Records contained in a dataset
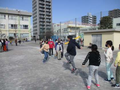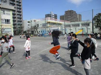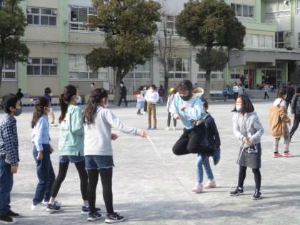 昼休みも、8の字跳びに興じるクラスがたくさん。4年生の様子です。
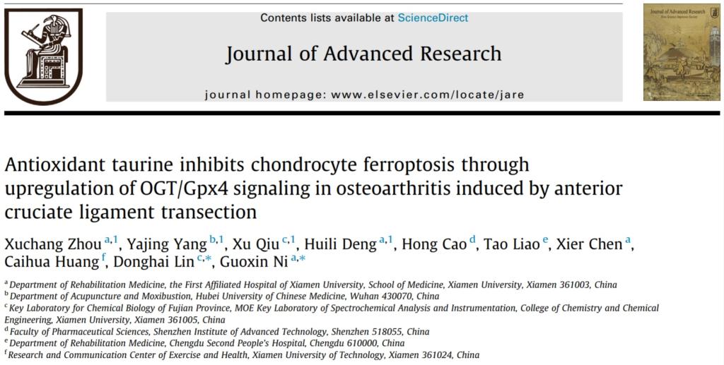 近期,我院康復醫(yī)學科倪國新教授團隊在《Journal of Advanced Research》期刊上發(fā)表題目為:“Antioxidant taurine inhibits chondrocyte ferroptosis through upregulation of OGT/Gpx4 signaling in osteoarthritis induced by anterior cruciate ligament transection”的文章。該文章探究了?;撬嵬ㄟ^激活OGT/Gpx4 信號抑制軟骨細胞鐵死亡,從而緩解OA小鼠軟骨退變的作用機制,為運動損傷繼發(fā)OA的預防和治療提供了新的方向。文章的通訊作者是廈門大學附屬第一醫(yī)院康復醫(yī)學科倪國新教授和廈門大學化學化工學院林東海教授;第一作者是倪國新教授課題組博士生周緒昌,聯(lián)合培養(yǎng)研究生楊雅靜,鄧輝麗以及林東海教授課題組博士生邱旭。
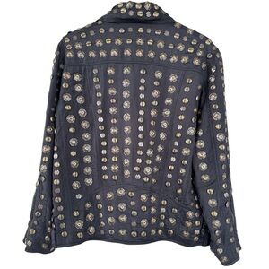 Taking the moto jacket to the next level, this soft, slouchy version is featured in an oversized, relaxed fit with exaggerated metal coin detailing throughout for an effortlessly edgy style.
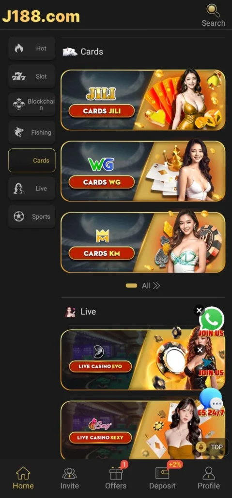 J188 Game gives players access to multiple gaming categories in one app. From skill-based card games to luck-based slots and live betting options, the platform keeps all types of gamers engaged
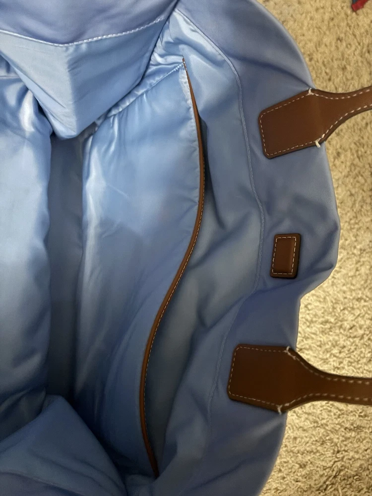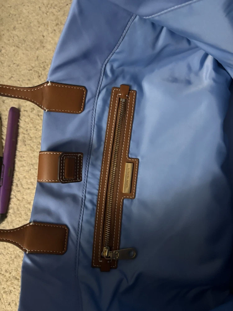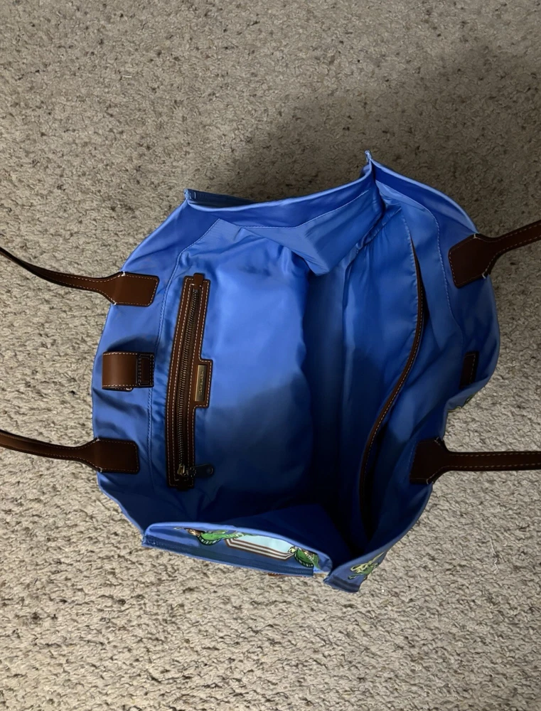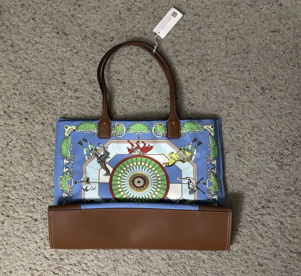 This Tory Burch Ella Large Tote in Blue Carousel is a rare and hard-to-find designer bag. With its beautiful floral pattern, magnetic closure, and double handles, this tote is perfect for any occasion, whether it be travel, wedding, party, or casual. The light blue exterior color and gold hardware color add a touch of elegance to the bag, while the brown handle/strap color gives it a classic and equestrian feel. The tote features inner pockets, lined with blue, and has a large size of 17 in width, 13 in height, and 5 in depth. It is made of high-quality polyester material and has brass hardware material. This limited edition bag is like new and comes with a EUC designation. The Tory Burch Ella Tote product line is known for its superior quality and this bag is no exception.

Exercise aim. Although the records contain pictures, print only the rest, exactly as written.

Answer space.
 昼休みも、8の字跳びに興じるクラスがたくさん。4年生の様子です。
 近期,我院康復醫(yī)學科倪國新教授團隊在《Journal of Advanced Research》期刊上發(fā)表題目為:“Antioxidant taurine inhibits chondrocyte ferroptosis through upregulation of OGT/Gpx4 signaling in osteoarthritis induced by anterior cruciate ligament transection”的文章。該文章探究了?;撬嵬ㄟ^激活OGT/Gpx4 信號抑制軟骨細胞鐵死亡,從而緩解OA小鼠軟骨退變的作用機制,為運動損傷繼發(fā)OA的預防和治療提供了新的方向。文章的通訊作者是廈門大學附屬第一醫(yī)院康復醫(yī)學科倪國新教授和廈門大學化學化工學院林東海教授;第一作者是倪國新教授課題組博士生周緒昌,聯(lián)合培養(yǎng)研究生楊雅靜,鄧輝麗以及林東海教授課題組博士生邱旭。
 Taking the moto jacket to the next level, this soft, slouchy version is featured in an oversized, relaxed fit with exaggerated metal coin detailing throughout for an effortlessly edgy style.
 J188 Game gives players access to multiple gaming categories in one app. From skill-based card games to luck-based slots and live betting options, the platform keeps all types of gamers engaged
 This Tory Burch Ella Large Tote in Blue Carousel is a rare and hard-to-find designer bag. With its beautiful floral pattern, magnetic closure, and double handles, this tote is perfect for any occasion, whether it be travel, wedding, party, or casual. The light blue exterior color and gold hardware color add a touch of elegance to the bag, while the brown handle/strap color gives it a classic and equestrian feel. The tote features inner pockets, lined with blue, and has a large size of 17 in width, 13 in height, and 5 in depth. It is made of high-quality polyester material and has brass hardware material. This limited edition bag is like new and comes with a EUC designation. The Tory Burch Ella Tote product line is known for its superior quality and this bag is no exception.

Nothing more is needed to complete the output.